TASK ITEM ->
Reproduce exactly, with no pictures, each line from the opening of the material down through the line containing "Margaret Thatcher inaugura".

AVAILABLE DATA ->
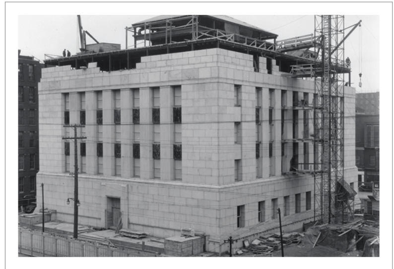
Construction of the Bank of Canada building progressed steadily throughout 1937. Clockwise from bottom left: 2 October, 3 November, 17 November, and 1 December. (Opposite) The Wellington Street entrance in 1938
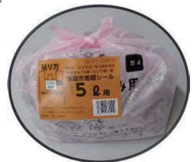
<貼り付けイメージ>
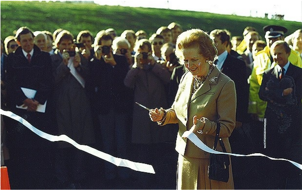
Margaret Thatcher inaugura la M25 il 29 ottobre 1986

Entro, oltre e ai bordi del raccordo autostradale della M25, lontana dal cuore finanziario della City, come dalle case popolari delle periferie che sorgono all'interno, cresce, si propaga e si stratifica la Londra dei margini, una vastissima terra di confine che ospita vite di confine. Terre e vite di confine che raccontano oggi vezzi, desideri, allucinazioni e ossessioni della civiltà globale: asfalto, automobili e cemento in ogni dove; degrado urbano espresso nella proliferazione smisurata della spazzatura; consumismo celebrato nelle cattedrali di enormi centri commerciali; testimonianze di un glorioso passato industriale, archeologie manifatturiere abbandonate in cui la natura si infiltra, cresce (per lo più contaminata) e pervade ogni interstizio possibile; vuoti urbani a perdita d'occhio. Ma entro e oltre il grande confine della M25 si moltiplicano, proliferano, crescendo l'una accanto all'altra, l'una sopra l'altra molte città differenti, molte Londra in una. Non mi riferisco solo alla presenza dei numerosi borghi (che sono di fatto municipalità autonome) e dei quartieri: si tratta di una moltiplicazione e dislocazione di confini interni e aree di separazione, ma anche di sovrapposizione, che fanno della città un caleidoscopio di forme spaziali, sociali e culturali, di presenze, di storie: un'esperienza ricca e insieme perturbante di differenze che si intrecciano a livelli diversi.

RESPONSE BELOW ->
Construction of the Bank of Canada building progressed steadily throughout 1937. Clockwise from bottom left: 2 October, 3 November, 17 November, and 1 December. (Opposite) The Wellington Street entrance in 1938
<貼り付けイメージ>
Margaret Thatcher inaugura la M25 il 29 ottobre 1986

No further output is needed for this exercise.